Task statement: Transcribe word for word the section of the records below that opens with the line containing "江西省明瑞達電子有限公司座落" and closes with the line containing "四强赛开始将在虎牙西部数据专"; drop every picture.

[Items from a dataset]

------------------------------------------------------------------------

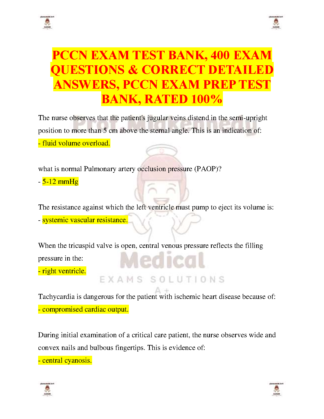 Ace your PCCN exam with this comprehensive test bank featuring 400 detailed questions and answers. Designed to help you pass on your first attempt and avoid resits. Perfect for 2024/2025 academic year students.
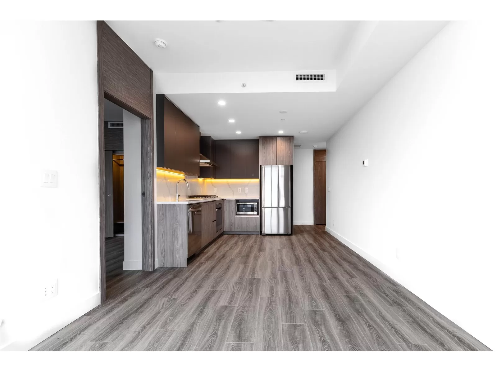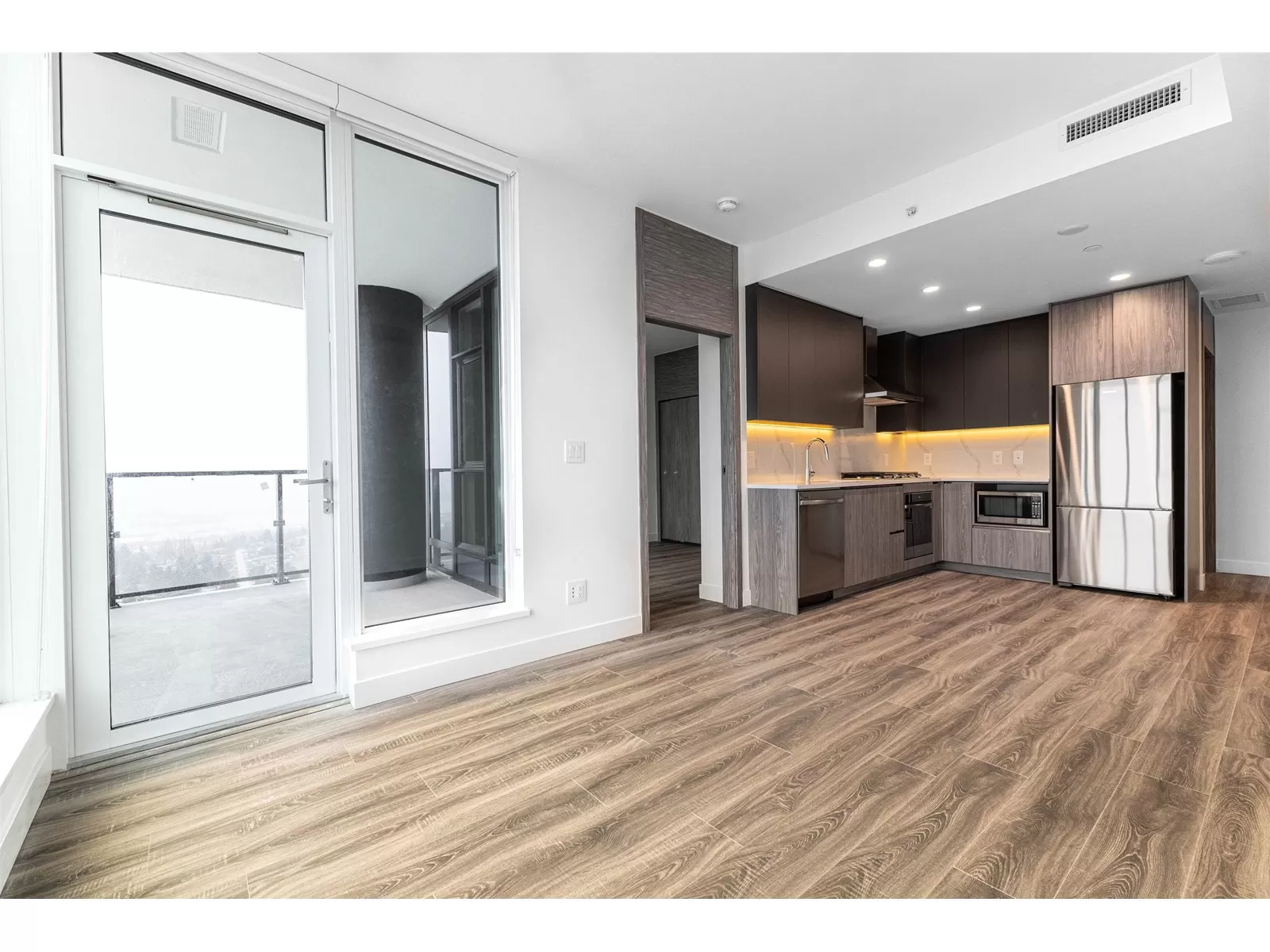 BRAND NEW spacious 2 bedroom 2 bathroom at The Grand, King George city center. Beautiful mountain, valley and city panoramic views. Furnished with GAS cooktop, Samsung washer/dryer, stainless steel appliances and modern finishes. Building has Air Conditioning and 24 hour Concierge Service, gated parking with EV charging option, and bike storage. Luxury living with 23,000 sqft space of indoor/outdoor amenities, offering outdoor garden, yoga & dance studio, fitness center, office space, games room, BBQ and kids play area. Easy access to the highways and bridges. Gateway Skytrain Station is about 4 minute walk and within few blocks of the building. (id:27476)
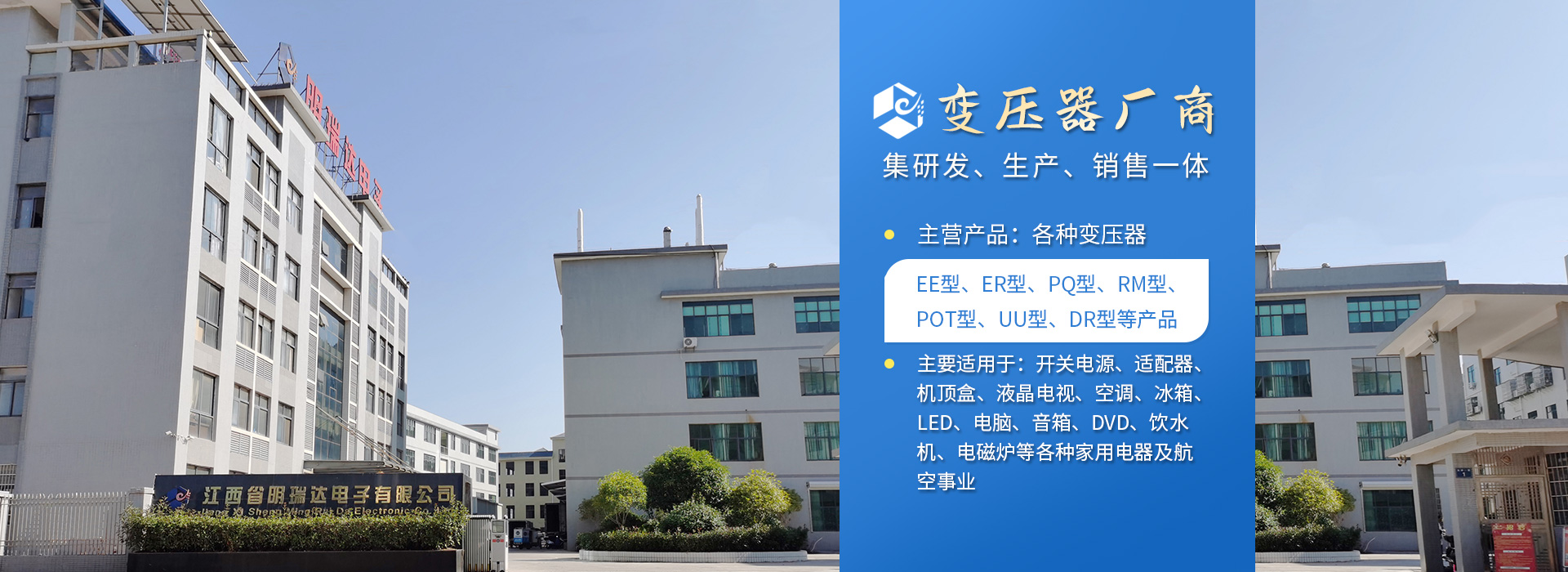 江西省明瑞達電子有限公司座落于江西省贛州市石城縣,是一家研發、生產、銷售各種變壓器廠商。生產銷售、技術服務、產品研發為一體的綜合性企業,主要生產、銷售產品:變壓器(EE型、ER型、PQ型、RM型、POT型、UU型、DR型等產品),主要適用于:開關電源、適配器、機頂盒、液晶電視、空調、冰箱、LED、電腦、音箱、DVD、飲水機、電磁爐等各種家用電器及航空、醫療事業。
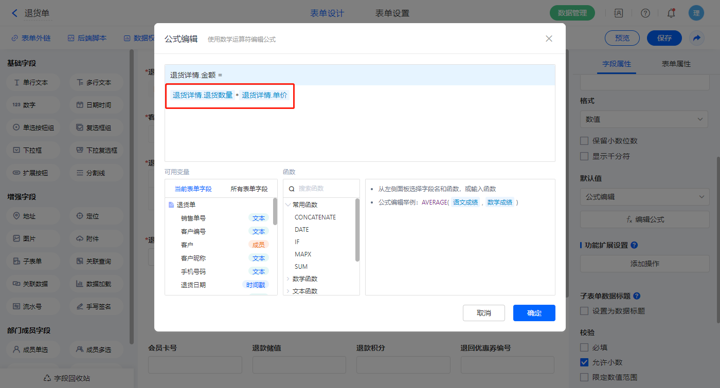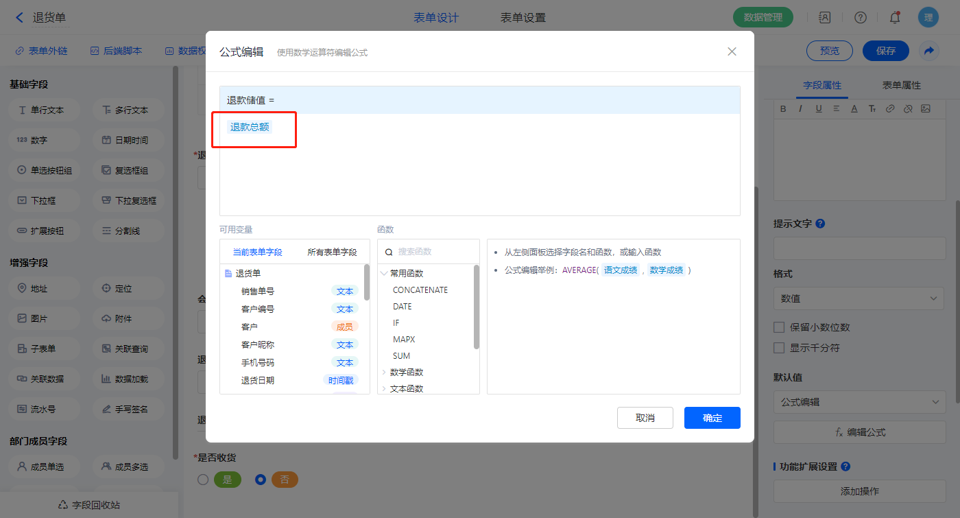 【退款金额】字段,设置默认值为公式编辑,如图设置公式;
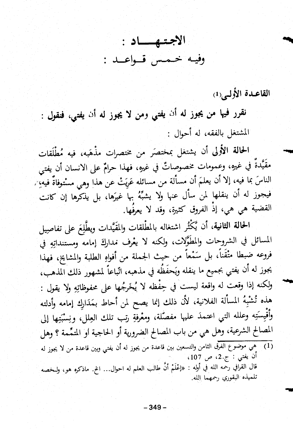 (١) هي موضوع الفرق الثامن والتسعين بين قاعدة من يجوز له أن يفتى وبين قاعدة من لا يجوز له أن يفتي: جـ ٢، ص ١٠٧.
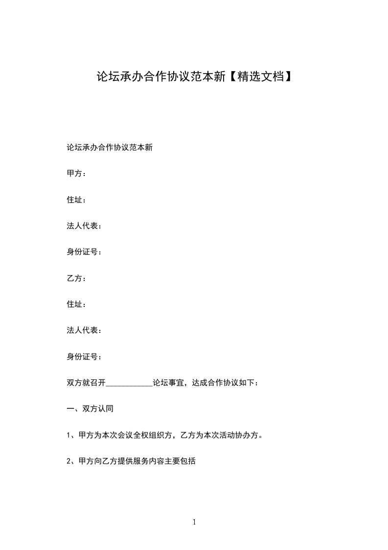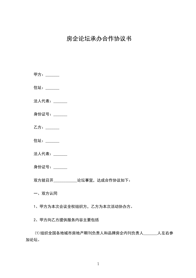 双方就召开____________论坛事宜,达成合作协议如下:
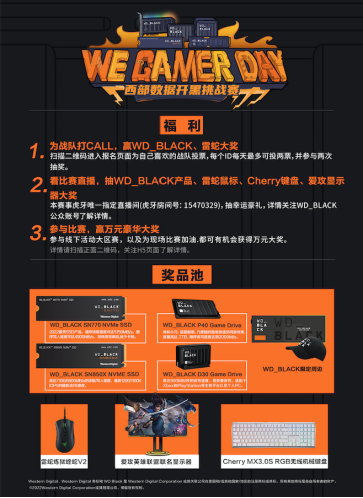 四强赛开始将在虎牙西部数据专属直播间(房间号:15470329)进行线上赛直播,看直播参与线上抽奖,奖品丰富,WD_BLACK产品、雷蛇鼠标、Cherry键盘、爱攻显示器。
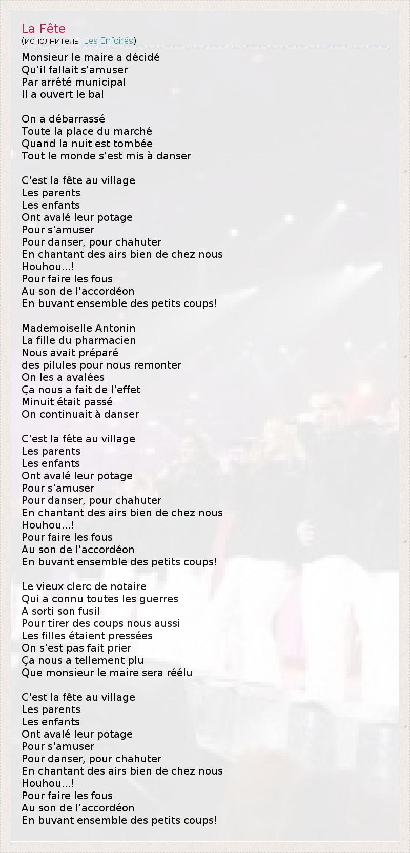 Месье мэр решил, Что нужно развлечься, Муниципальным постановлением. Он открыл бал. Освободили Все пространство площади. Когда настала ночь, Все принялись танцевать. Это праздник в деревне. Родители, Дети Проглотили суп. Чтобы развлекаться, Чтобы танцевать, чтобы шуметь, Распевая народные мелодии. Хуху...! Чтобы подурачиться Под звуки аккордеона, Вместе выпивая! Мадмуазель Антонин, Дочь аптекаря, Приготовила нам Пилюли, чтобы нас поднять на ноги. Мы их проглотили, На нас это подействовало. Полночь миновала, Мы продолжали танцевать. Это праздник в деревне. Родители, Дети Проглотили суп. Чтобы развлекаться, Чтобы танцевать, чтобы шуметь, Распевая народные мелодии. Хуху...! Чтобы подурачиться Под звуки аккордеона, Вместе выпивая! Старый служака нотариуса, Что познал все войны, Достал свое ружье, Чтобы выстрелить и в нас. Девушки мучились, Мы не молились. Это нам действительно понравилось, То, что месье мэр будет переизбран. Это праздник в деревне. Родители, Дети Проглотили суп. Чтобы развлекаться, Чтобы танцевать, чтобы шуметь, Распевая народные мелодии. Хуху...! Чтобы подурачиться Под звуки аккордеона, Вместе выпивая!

------------------------------------------------------------------------

Problem solution:
 江西省明瑞達電子有限公司座落于江西省贛州市石城縣,是一家研發、生產、銷售各種變壓器廠商。生產銷售、技術服務、產品研發為一體的綜合性企業,主要生產、銷售產品:變壓器(EE型、ER型、PQ型、RM型、POT型、UU型、DR型等產品),主要適用于:開關電源、適配器、機頂盒、液晶電視、空調、冰箱、LED、電腦、音箱、DVD、飲水機、電磁爐等各種家用電器及航空、醫療事業。
 【退款金额】字段,设置默认值为公式编辑,如图设置公式;
 (١) هي موضوع الفرق الثامن والتسعين بين قاعدة من يجوز له أن يفتى وبين قاعدة من لا يجوز له أن يفتي: جـ ٢، ص ١٠٧.
 双方就召开____________论坛事宜,达成合作协议如下:
 四强赛开始将在虎牙西部数据专属直播间(房间号:15470329)进行线上赛直播,看直播参与线上抽奖,奖品丰富,WD_BLACK产品、雷蛇鼠标、Cherry键盘、爱攻显示器。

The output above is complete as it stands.